Multiple sclerosis (MS) is a heterogeneous inflammatory demyelinating disease of the central nervous system and the most common cause of neurological disability in young adults (1,2). Essentially all treatments, established or in development, focus on immunological targets to modify disease course and reduce relapse rates (3). In contrast, recombinant human erythropoietin (EPO) and EPO variants may provide a neuroprotective/neuroregenerative treatment strategy for MS (reviewed in ).
In fact, several preclinical studies of experimental autoimmune encephalomyelitis (EAE), the most commonly used animal model for MS, showed that EPO delayed disease onset, reduced neurological scores, improved electrophysiological and histological readouts and attenuated inflammatory cytokine production (5–16; reviewed in  and ). A first small exploratory open-label study in MS included patients with primary or secondary chronic progressive disease. These MS patients were treated with either high-dose (48,000 IU intravenously) or low-dose (8,000 IU intravenously) EPO, and safety issues and potential efficacy were evaluated (18). High-dose EPO treatment was well tolerated and resulted in improvement of motor and cognitive performance. Interestingly, this beneficial effect persisted for as long as up to 6 months after cessation of EPO infusions (18).

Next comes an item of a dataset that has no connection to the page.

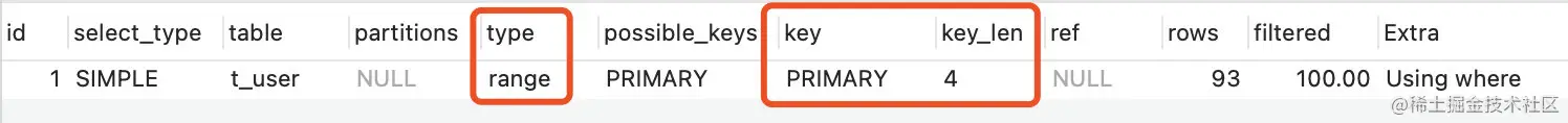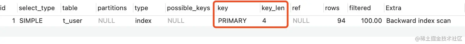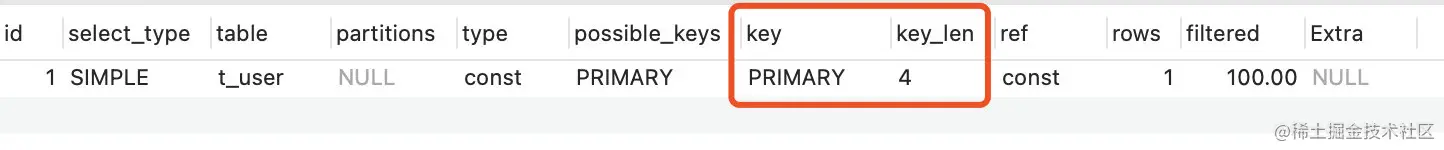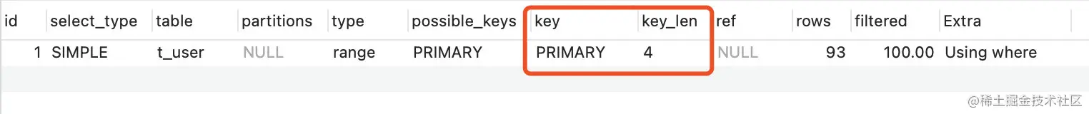 可以看到上述SQL语句使用了主键索引(PRIMARY),key_len为4;

High-dose peripherally applied EPO was shown in humans and mouse to penetrate an intact blood-brain barrier in an amount sufficient to achieve neuroprotective effects in the brain (17,19). The mechanisms of action of EPO underlying its neuroprotective/neuroregenerative properties in EAE and MS, which share an immunological etiology, are still subject to speculation and may involve anti-inflammatory, antiapoptotic, antioxidative and neurotrophic effects (reviewed in  and ).

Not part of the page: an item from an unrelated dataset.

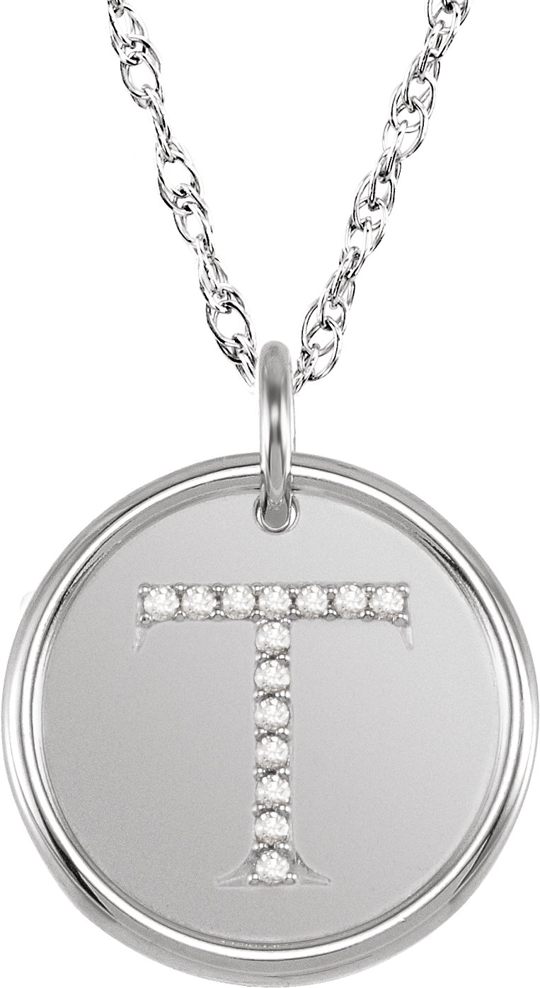 Sterling Silver .07 CTW Natural Diamond Initial T 18 inch Necklace Ref 5566150

We wondered whether EPO would also show neuroprotection in an etiologically different situation of even more pronounced demyelination. Hence, we used the copper chelator cuprizone, which leads to almost complete demyelination of the corpus callosum. This model permits focusing on demyelination without interfering T cell-mediated immune-inflammatory components. Considering the seemingly beneficial effects of EPO in chronic progressive MS where acute immune-inflammatory processes are replaced by smoldering progression, we hypothesized that EPO treatment would also alleviate the cuprizone-induced changes of neurological, imaging and histological readouts.

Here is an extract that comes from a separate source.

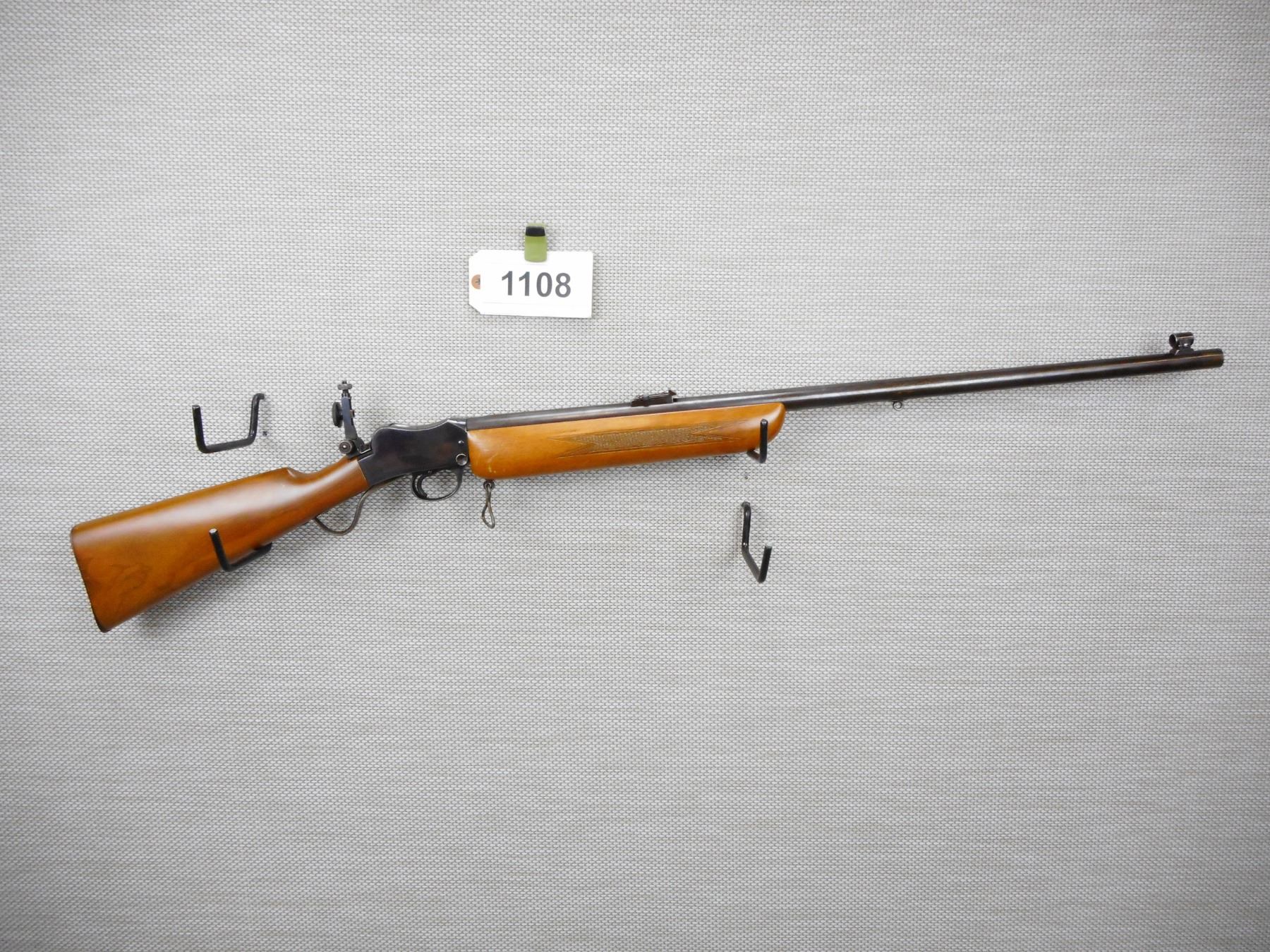 BSA MARTINI , MODEL: MARTINI SINGLE SHOT TARGET RIFLE , CALIBER: 22 LR , BORE IS VERY GOOD, HOODED FRONT AND ADJUSTABLE REAR SIGHT WITH AN APERTURE PEEP SIGHT, CHECKERED FOREND AND STRAIGHT GRIP STOCK WITH STEEL BUTT PLATE, SLING SWIVEL LOOPS, SHOWS SOME HANDLING MARKS, RETAINS MUCH OF THE ORIGINAL BLUEING , SERIAL # 22679 , ACTION: FALLING BLOCK SINGLE SHOT , BARREL LENGTH: 29" , CONDITION: 8/10 , STOCK # 9113 , CLASS: CANADIAN NON RESTRICTED CLASS

All experiments were approved by and conducted in accordance with the regulations of the local animal care and use committee (Niedersächsisches Landesamt für Verbraucherschutz und Lebensmittelsicherheit; AZ 33.11.42502-04-040/08). For all experiments, male C57BL/6 mice were used. They were housed in groups of five in standard plastic cages and maintained in a temperature-controlled environment (21 ± 2°C) on a 12-h light/dark cycle with food and water available ad libitum. During experiments, body weight was monitored twice weekly.
It should be noted that preliminary experiments performed with cuprizone-containing pellets instead of ground chow failed to result in any demyelination, although toxicological analysis of the pellets had proven that cuprizone was intact and active. This result may be due to the necessity of a parallel intake of cuprizone as fine powder via skin, airways and gut for producing demyelination.
Group size in all behavioral experiments amounted to n = 13–26.
Rotarod. Rotarod is a relatively crude test for motor function, gross coordination and motor learning and consists of a rotating drum (Med Associates Inc., St. Albans, VT, USA) that is accelerated from 4 to 40 revolutions per minute over the course of 5 min. Each mouse is placed individually on the drum and the latency of falling down from the drum is recorded. To assess motor learning, the rotarod test is repeated 24 and 48 h later.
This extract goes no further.